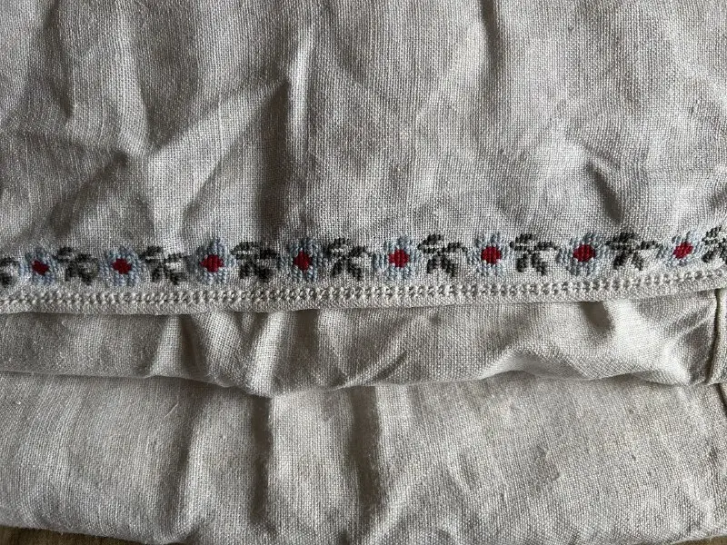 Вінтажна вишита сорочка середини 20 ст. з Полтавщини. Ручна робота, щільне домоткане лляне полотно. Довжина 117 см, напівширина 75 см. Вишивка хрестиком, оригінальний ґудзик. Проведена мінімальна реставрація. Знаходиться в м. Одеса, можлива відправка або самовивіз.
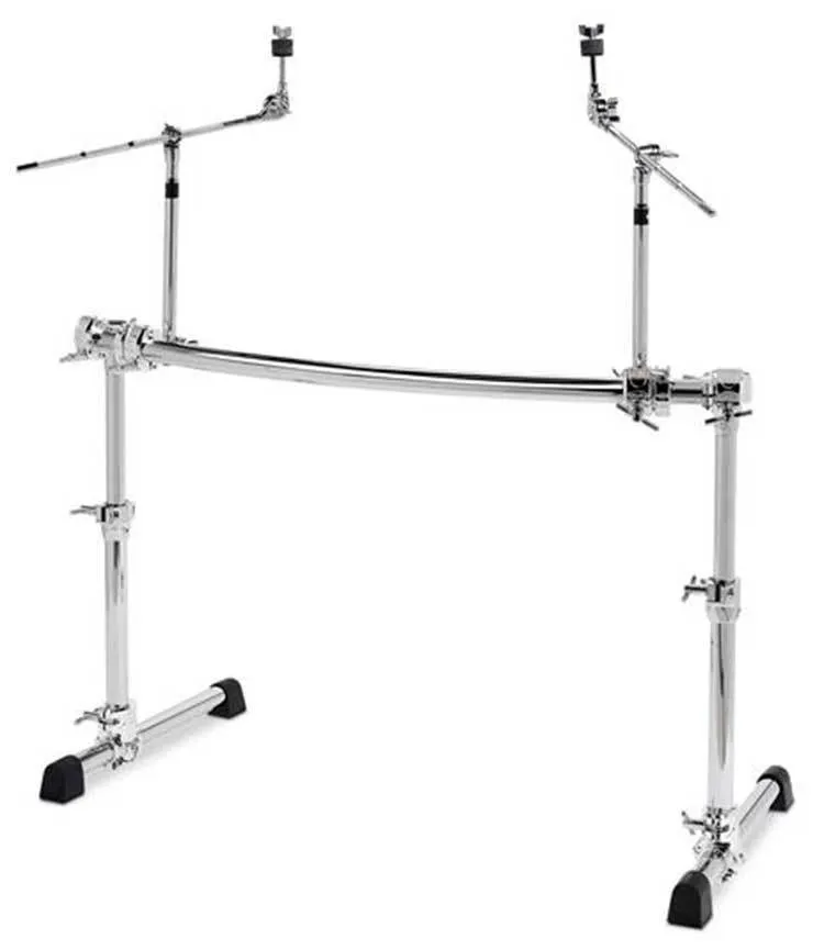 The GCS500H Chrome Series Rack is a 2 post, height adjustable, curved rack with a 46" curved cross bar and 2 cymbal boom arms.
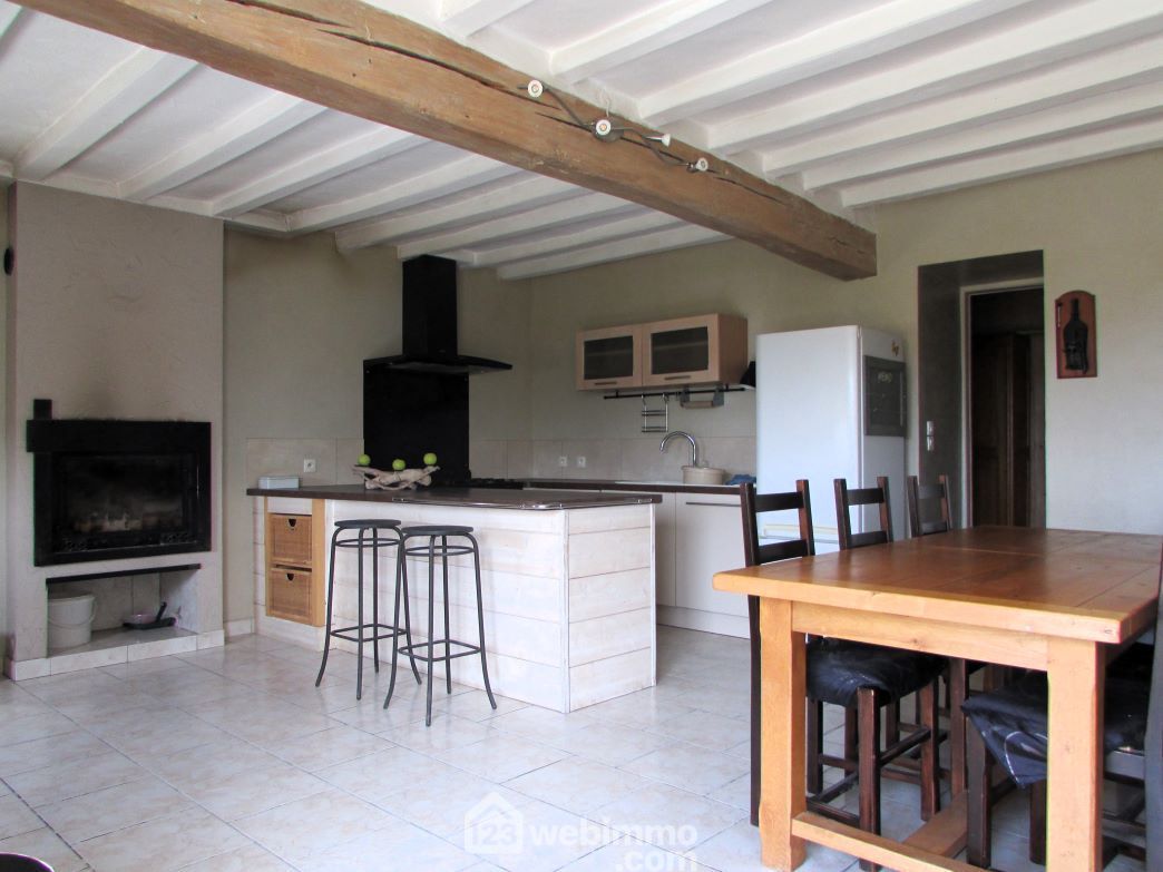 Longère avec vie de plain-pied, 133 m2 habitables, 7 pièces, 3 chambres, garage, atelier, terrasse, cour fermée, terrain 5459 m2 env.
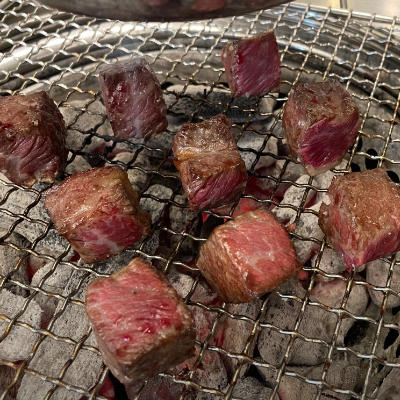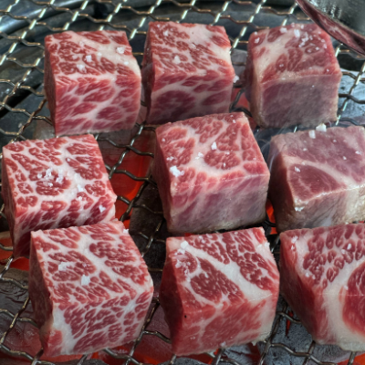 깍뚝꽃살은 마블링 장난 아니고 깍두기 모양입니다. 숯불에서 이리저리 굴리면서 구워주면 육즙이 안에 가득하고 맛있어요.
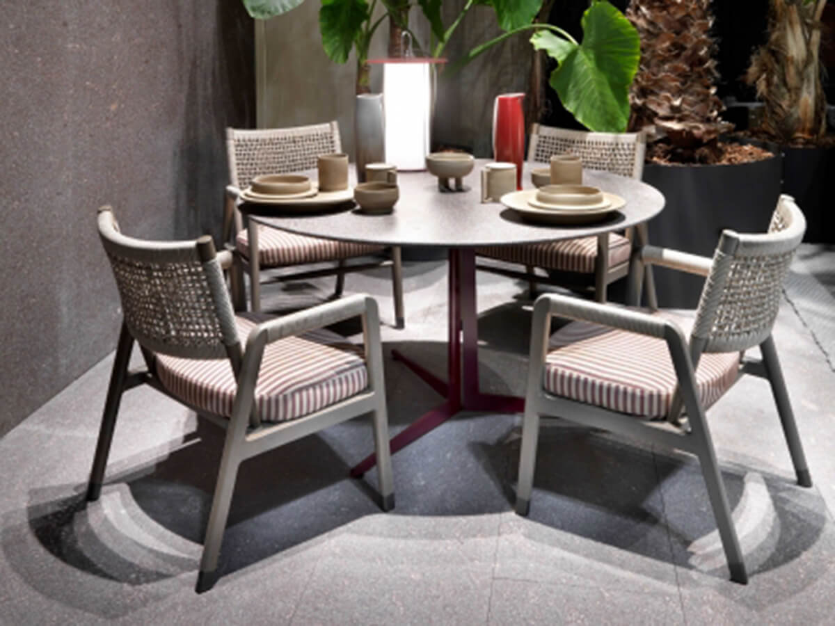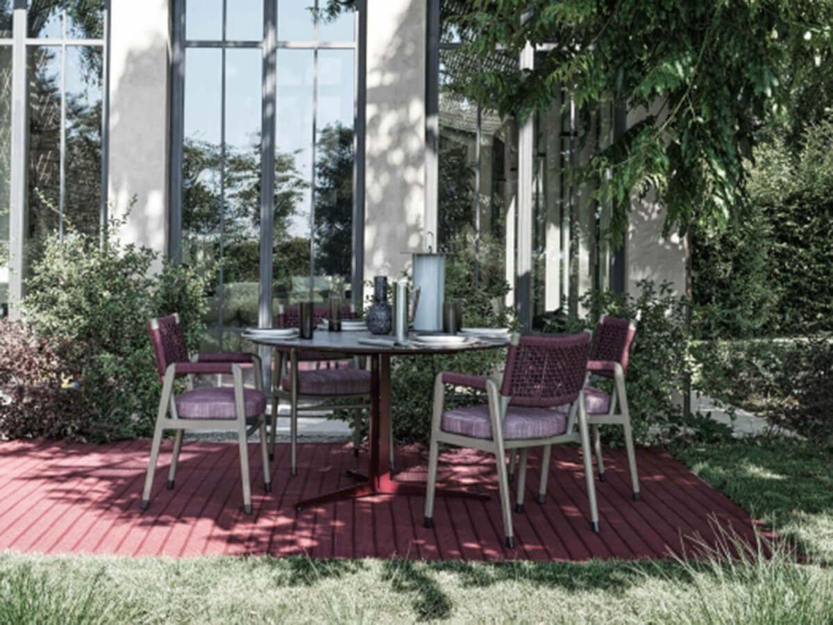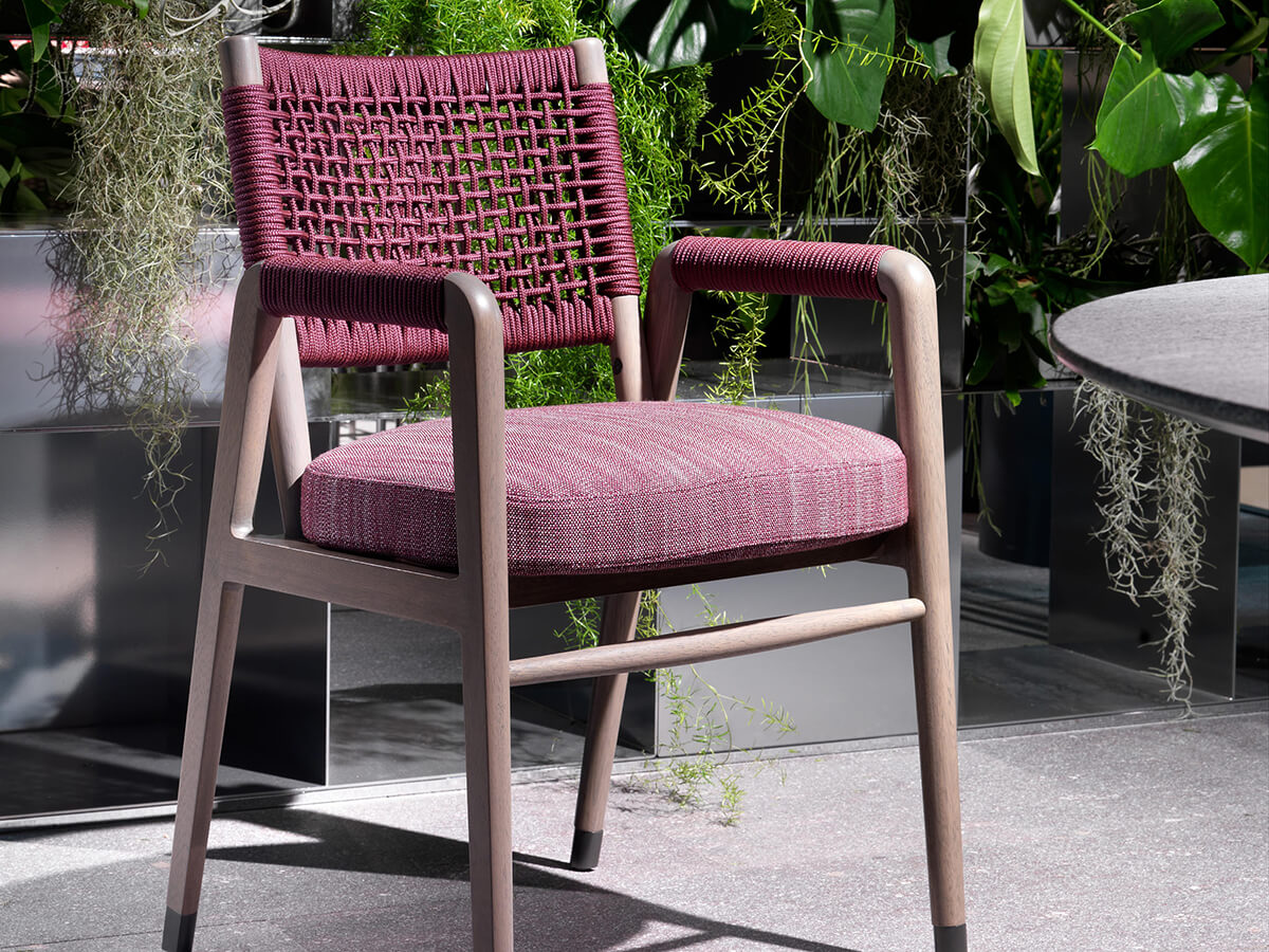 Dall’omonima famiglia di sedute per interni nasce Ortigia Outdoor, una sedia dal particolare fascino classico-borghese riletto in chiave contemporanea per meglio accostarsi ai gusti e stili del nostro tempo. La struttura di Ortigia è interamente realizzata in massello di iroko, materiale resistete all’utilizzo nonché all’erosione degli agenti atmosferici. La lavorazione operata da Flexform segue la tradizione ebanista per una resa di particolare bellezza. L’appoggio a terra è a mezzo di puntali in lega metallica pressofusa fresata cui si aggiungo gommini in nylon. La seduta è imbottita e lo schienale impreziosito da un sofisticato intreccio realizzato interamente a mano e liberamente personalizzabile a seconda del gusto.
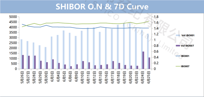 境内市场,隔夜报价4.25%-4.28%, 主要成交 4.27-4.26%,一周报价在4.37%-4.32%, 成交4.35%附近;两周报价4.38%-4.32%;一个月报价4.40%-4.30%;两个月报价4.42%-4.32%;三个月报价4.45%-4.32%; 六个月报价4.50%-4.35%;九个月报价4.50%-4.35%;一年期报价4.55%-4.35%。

> [Action item] Reproduce the lines above beginning at the line that contains "깍뚝꽃살은 마블링 장난" and ending at the line that contains "Dall’omonima famiglia di". No pictures.

> [Exercise answer]
 깍뚝꽃살은 마블링 장난 아니고 깍두기 모양입니다. 숯불에서 이리저리 굴리면서 구워주면 육즙이 안에 가득하고 맛있어요.
 Dall’omonima famiglia di sedute per interni nasce Ortigia Outdoor, una sedia dal particolare fascino classico-borghese riletto in chiave contemporanea per meglio accostarsi ai gusti e stili del nostro tempo. La struttura di Ortigia è interamente realizzata in massello di iroko, materiale resistete all’utilizzo nonché all’erosione degli agenti atmosferici. La lavorazione operata da Flexform segue la tradizione ebanista per una resa di particolare bellezza. L’appoggio a terra è a mezzo di puntali in lega metallica pressofusa fresata cui si aggiungo gommini in nylon. La seduta è imbottita e lo schienale impreziosito da un sofisticato intreccio realizzato interamente a mano e liberamente personalizzabile a seconda del gusto.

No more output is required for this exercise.